LLM Wiki vs. RAG
Overview
LLM Wiki and RAG (Retrieval-Augmented Generation) are two distinct patterns for using large language models over a body of documents. By 2026, roughly 85% of enterprise AI applications use RAG. The LLM Wiki pattern — popularized by Andrej Karpathy — offers a fundamentally different trade-off. llm-wiki.en.md
The Core Difference: When the Work Happens
The single most important distinction is *when* the heavy lifting occurs.
- RAG does its work at query time: documents are chunked, embedded in a vector database, and the closest chunks are retrieved and reassembled into an answer on every single query.

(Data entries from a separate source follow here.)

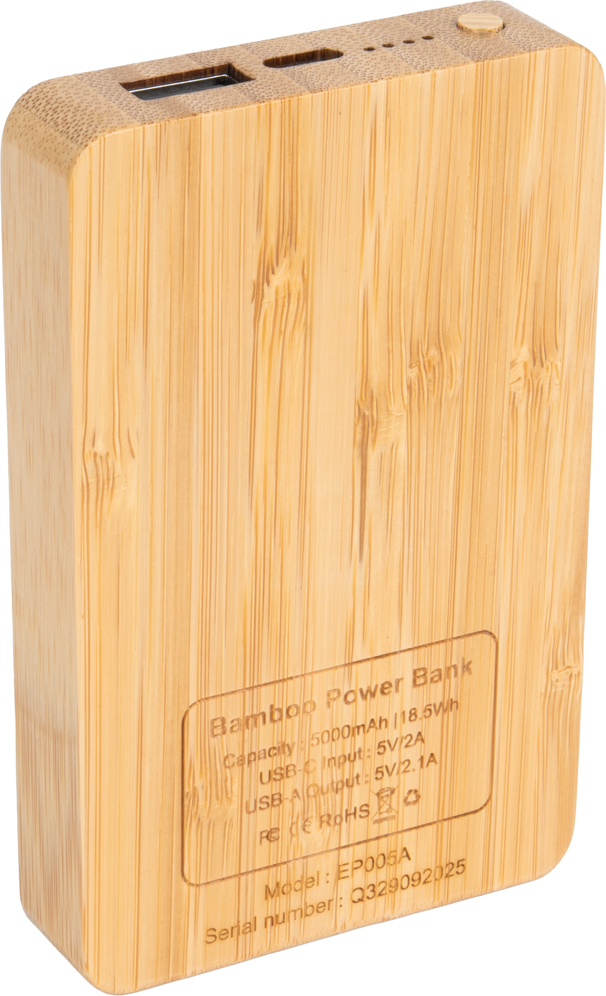 See 5000 mAh bambusest välipatarei ühendab loomuliku esteetika moodsa funktsionaalsusega. Graveeritud logo süttib seadme aktiveerimisel, lisades stiilse ja eristuva visuaalse puudutuse. Neli LED-indikaatorit näitavad aku praegust taset, samas kui USB-C sisend/väljund (5V/2A) ja USB-väljund (5V/2A) tagavad kiire ja usaldusväärse laadimise. Komplektis on USB-C kaabel, mis muudab välipatarei kohe karbist võttes kasutusvalmis.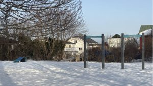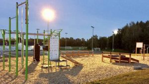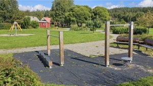 Indals utegym, utrustad med tre träningsredskap med fokus på kroppsviktsövningar och balans. Foto: Sundsvalls kommun.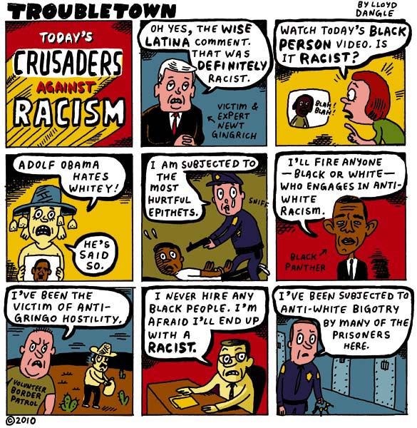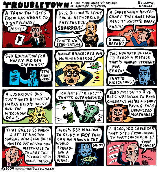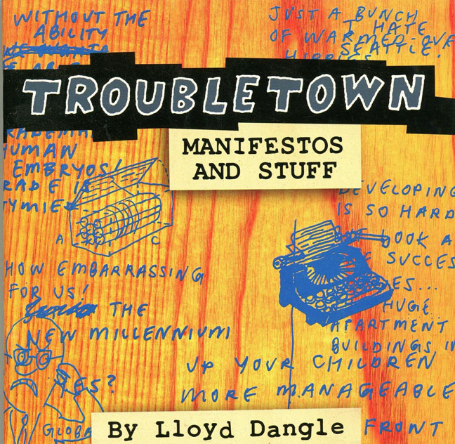 Troubletown is a syndicated weekly comic strip by Dangle. Begun in 1988 at the San Francisco Bay Guardian, it went on to run in many alternative press weeklies including The Stranger, The Portland Mercury, and the Austin Chronicle. It also appears regularly in The Progressive magazine. Most strips involve political satire from a liberal perspective. Several book collections of Troubletown have been published. It is also featured in the anthology Attitude: The New Subversive Cartoonists.

- LLM Wiki does its work at ingest time: the moment a source arrives, an LLM compiles it into a persistent, interlinked wiki — updating pages, surfacing contradictions, and strengthening synthesis. The knowledge is compiled once and kept current. llm-wiki.en.md
Side-by-Side Comparison
| LLM Wiki (compiled) | RAG (retrieved) | |
|---|---|---|
| When work happens | At ingest (compile once) | At query (retrieve every time) |
| Knowledge over time | Compounds — pages get richer | Static — re-derived each query |
| Output | Human-readable, interlinked pages you own | Opaque chunks reassembled per answer |
| Contradictions | Surfaced and reconciled during ingest | Silently retrieved side by side |
| Setup | A folder of Markdown + a schema file | Embeddings + vector DB + pipeline |
| Scale ceiling | Hundreds–~1,000 pages comfortably | Millions of documents |
llm-wiki.en.md
How the LLM Wiki Compounds Knowledge
Three properties distinguish the LLM Wiki from a mere summary folder:
- Provenance. Every claim links back to the immutable raw source it came from, keeping the wiki verifiable rather than a hallucinated blob.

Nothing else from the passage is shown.